| Task objective |
The response should repeat word for word every line below from the one with "Az emeleten három" to the one with "Berkin Arts Compatible", inclusive, and nothing else; leave pictures out.

| Source data |
[Start of Attachment]
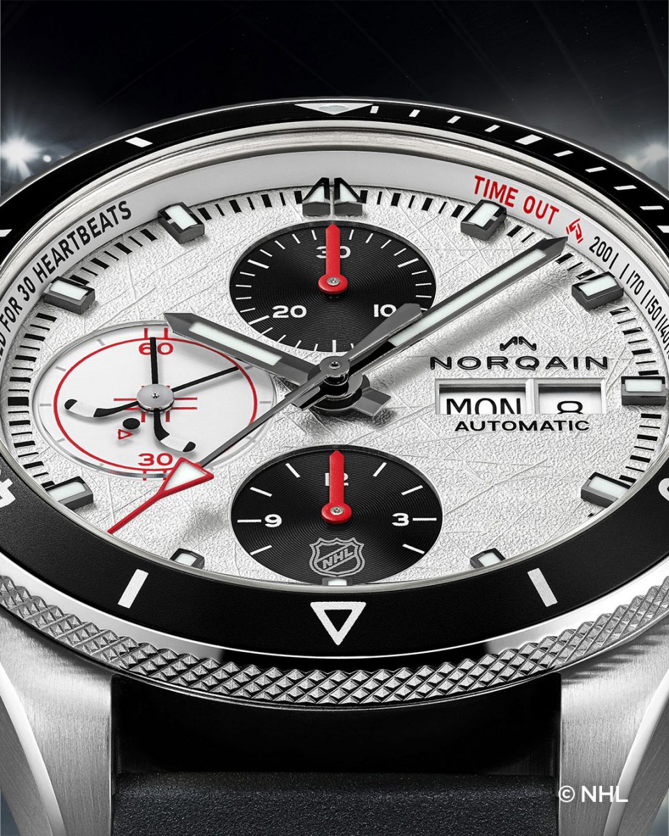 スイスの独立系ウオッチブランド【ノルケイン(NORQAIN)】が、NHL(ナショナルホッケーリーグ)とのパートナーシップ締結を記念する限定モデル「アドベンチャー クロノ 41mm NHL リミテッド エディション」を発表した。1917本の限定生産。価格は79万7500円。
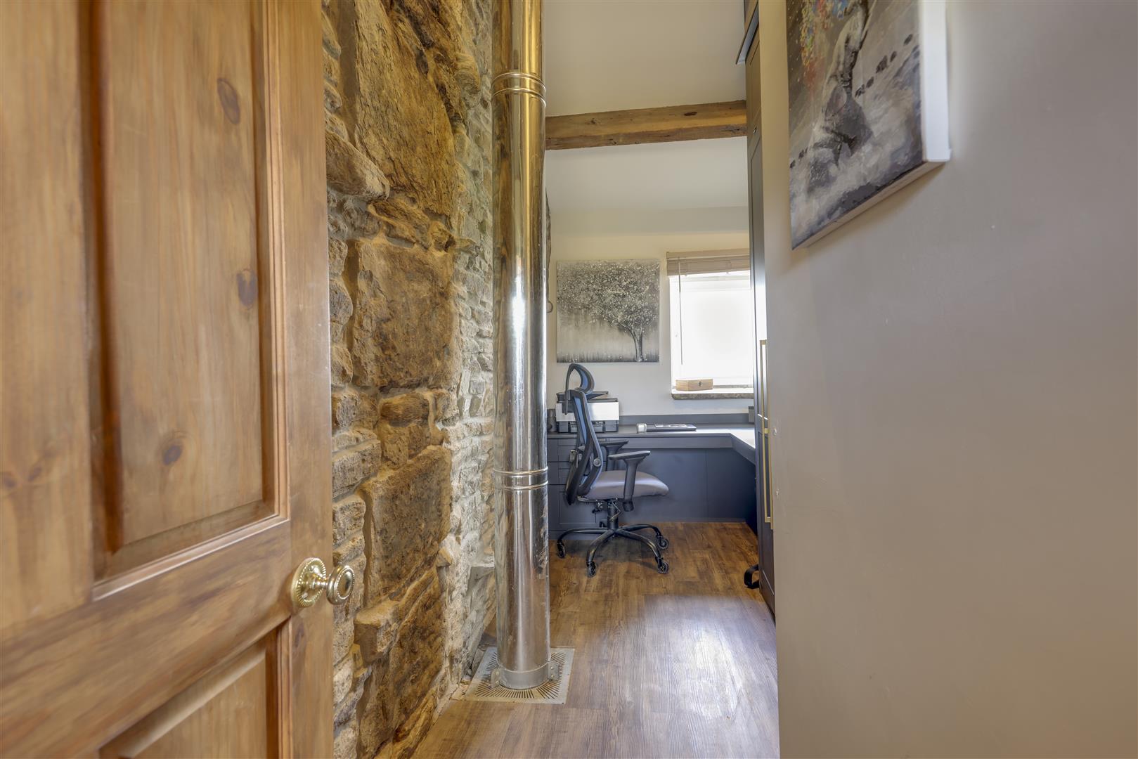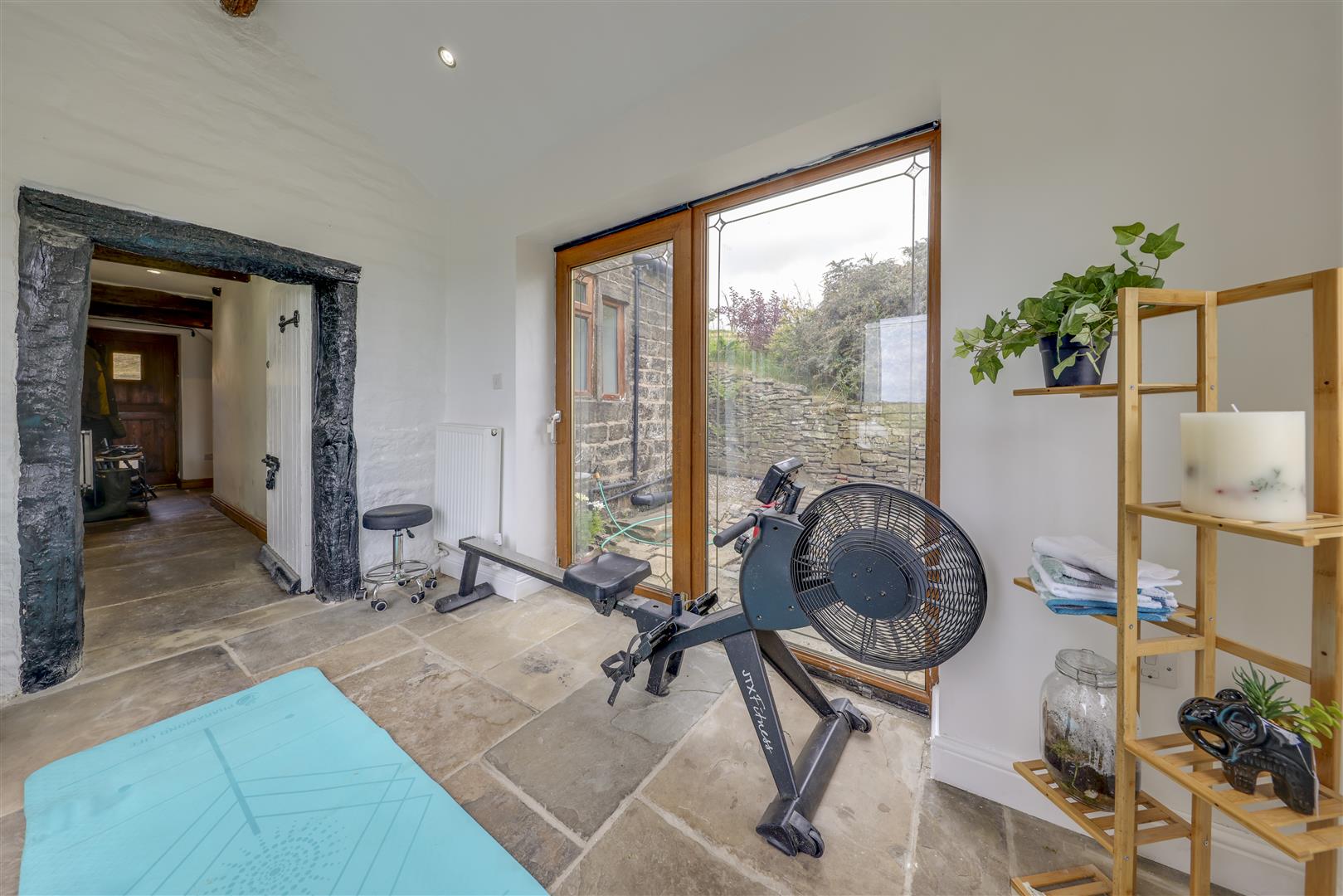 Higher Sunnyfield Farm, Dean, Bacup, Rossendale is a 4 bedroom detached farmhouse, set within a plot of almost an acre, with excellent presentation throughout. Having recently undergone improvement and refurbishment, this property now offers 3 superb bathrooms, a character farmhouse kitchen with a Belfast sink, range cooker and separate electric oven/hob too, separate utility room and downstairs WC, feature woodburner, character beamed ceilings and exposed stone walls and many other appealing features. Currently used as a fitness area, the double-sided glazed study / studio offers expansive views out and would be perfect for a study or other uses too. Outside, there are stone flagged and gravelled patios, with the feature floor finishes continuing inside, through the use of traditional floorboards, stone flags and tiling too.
[End of Attachment]
[Start of Attachment]
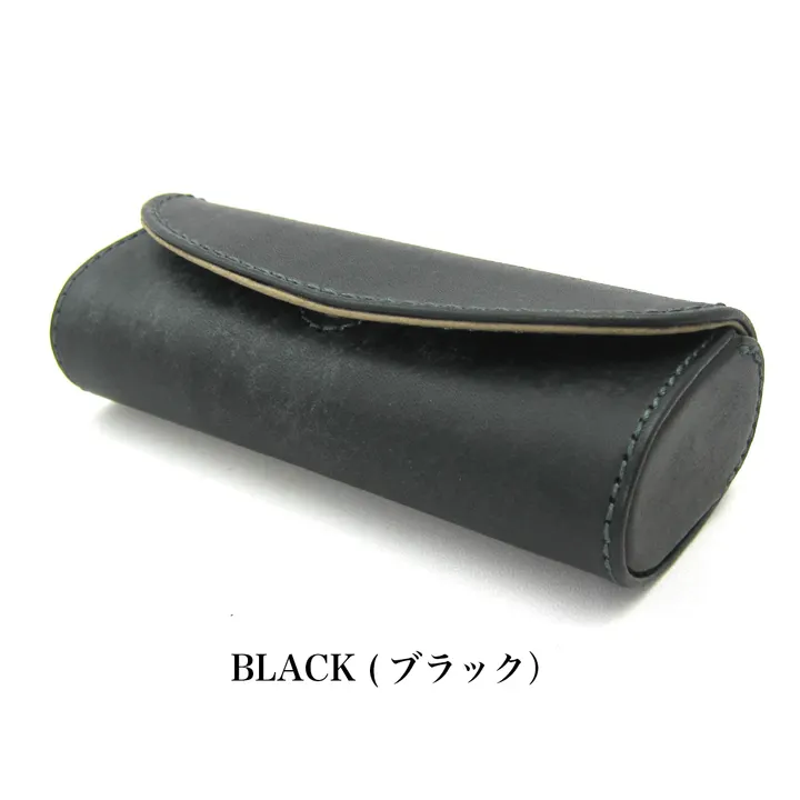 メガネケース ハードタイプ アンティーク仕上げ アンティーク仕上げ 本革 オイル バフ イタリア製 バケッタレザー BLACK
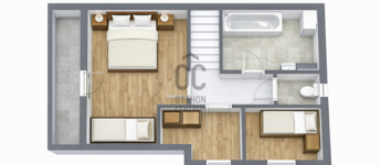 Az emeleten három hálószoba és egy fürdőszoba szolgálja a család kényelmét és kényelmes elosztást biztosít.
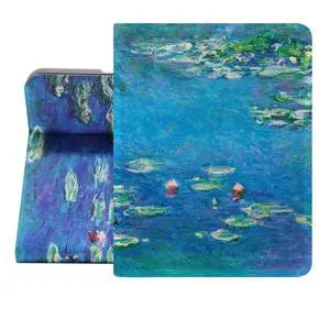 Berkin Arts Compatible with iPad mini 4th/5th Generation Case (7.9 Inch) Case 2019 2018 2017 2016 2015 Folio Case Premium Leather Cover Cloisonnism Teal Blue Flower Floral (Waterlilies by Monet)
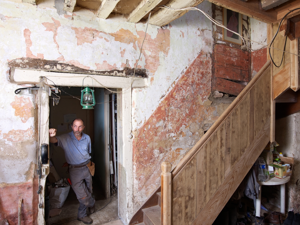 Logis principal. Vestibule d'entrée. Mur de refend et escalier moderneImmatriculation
[End of Attachment]
| Exercise result |
 Az emeleten három hálószoba és egy fürdőszoba szolgálja a család kényelmét és kényelmes elosztást biztosít.
 Berkin Arts Compatible with iPad mini 4th/5th Generation Case (7.9 Inch) Case 2019 2018 2017 2016 2015 Folio Case Premium Leather Cover Cloisonnism Teal Blue Flower Floral (Waterlilies by Monet)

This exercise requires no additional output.